My advice is that if you’re going to run a Terminal Services environment, then use terminals rather than PCs as user workstations. If terminals simply are not an option, then you need to consider making the workstations domain members or investing in third-party desktop lockdown software.

As of August 2006, Longhorn Server and Windows Vista are both still in beta testing. Even so, both products are far enough along in the development process that we can get an idea of what features are in place to prevent unauthorized software from being installed or executed. Being that these products are in the beta phase of development though, anything that I talk about in this section could potentially change by the time that these new operating systems are released.

In case you are unfamiliar with Longhorn Server and Windows Vista, they are Microsoft’s next-generation operating systems. Longhorn Server will be the replacement for Windows Server 2003, and Windows Vista will be the successor to Windows XP. Both operating systems use the same underlying code base, and are therefore very similar to each other. Microsoft claims (and my research confirms) that Longhorn Server and Windows Vista will be the most secure operating systems that Microsoft has ever released.

As with Windows Server 2003, the primary mechanisms in Longhorn Server for preventing unauthorized software are the software restriction policies. Although software restriction policies have not changed a great deal since Windows Server 2003, some changes have been made.

Software restriction policies still use the same basic types of rules in Longhorn Server as they did in Windows Server 2003. One change that has been made to the rules though, is that the Internet Zone Rules have been changed to Network Zone Rules, as shown in Figure C. The significance of this change is that there is now a Local Computer entry in the list of zones. This means that you could potentially create a policy that would prevent any code from executing unless it is running on the local computer. Of course this is just an example, in real life you may also want to allow code to run if it is located on the local intranet or on a trusted site.

15

Another significant change to software restriction policies in Longhorn Server has been made to the security levels.
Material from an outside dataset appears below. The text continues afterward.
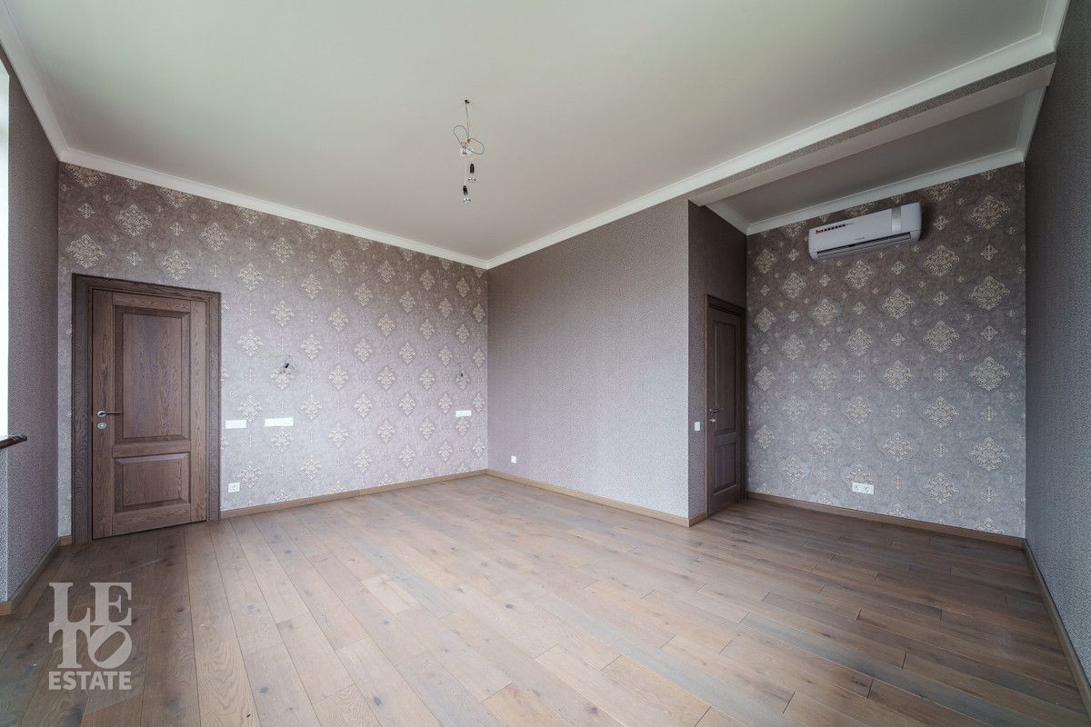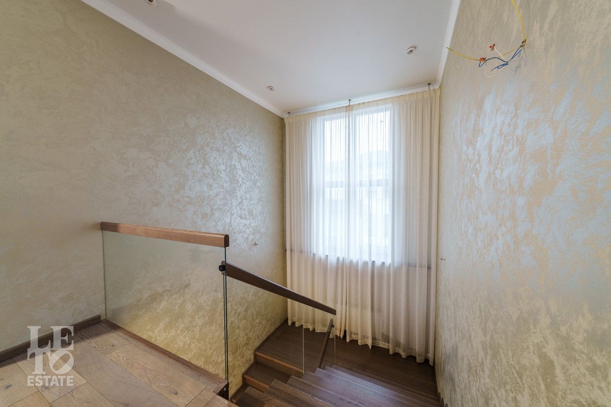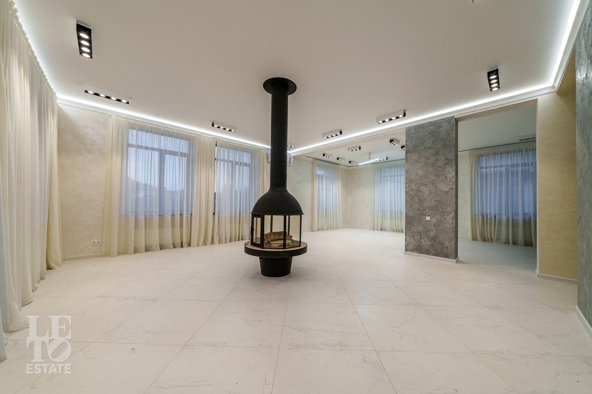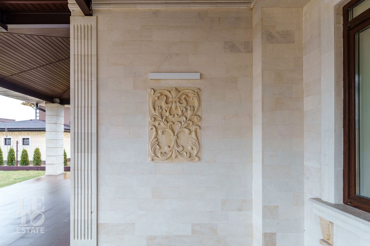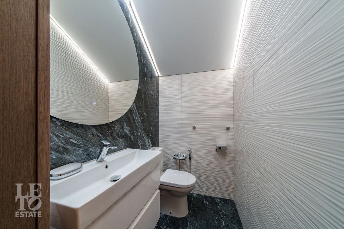 В основном доме на первом этаже можно оборудовать две спальни, на втором этаже три спальни. Отделка стен выполнена декоративной штукатуркой, использованы натуральные материалы для лестницы и дверей - дуб, пол - инженерная доска. Теплые полы разведены на первом этаже, на втором этаже в санузлах. Установлено кондиционирование.
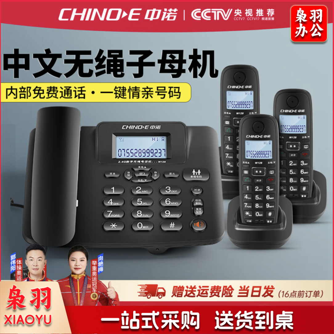 中诺 W128 一拖一三 无绳子母电话机 黑色

As you may recall, in Windows Server 2003 there were only two security levels available: Disallowed and Unrestricted. A third security level has been added to Longhorn Server. This new security level is called Basic User, as shown in Figure D.

16

The Basic User security level will not prevent users from running software for which the security level is applied, but it will restrict their rights when running the application. If the Basic User security level is applied to an application, then all users for whom the rule applies will only be able to run the application as a standard user, regardless of what other permissions they may have.

The File System Resource Manager was actually introduced in Windows Server 2003 R2, but was not highly publicized. This tool remains virtually unchanged in Windows Longhorn Server. The File System Resource Manager is the closest thing that the Windows operating system has to a file analysis and reporting tool.

The File System Resource Manager acts as both a policy enforcement tool and as a file system reporting tool. At first, this probably sounds like the perfect tool for locking down a file system, but as you’ll see in a moment, this tool is not appropriate for locking down desktops.

17

From a policy enforcement standpoint, the File Server Resource Manager works by using file screening technology to prevent certain types of files from being stored in designated locations. For example, you could use file screening to prevent users from storing executable files within home directories.

Microsoft has even gone through the trouble of creating file groups that define various file types. If you look at Figure E for example, you’ll see that the File Server Resource Manager contains a file group named executable files. This file group tells Windows which file extensions are considered to be executable. That way, if you wanted to restrict executable files from being stored in a specific location, you would simply select the File Screens container and create a new file screen. When creating the new file screen, you would pick the location that you want to protect and the file types that you want to block. In this case that would mean choosing the Executable Files group.

Figure E

The File Server Resource Manager allows you to restrict files based on file type.

18

The File Server Resource Manager also allows you to generate a wide variety of reports. Among the reports that you can generate are a file screening audit and a report of files by file group. The report of files by file group is especially useful because it allows you to view all of the executable files within a specific location.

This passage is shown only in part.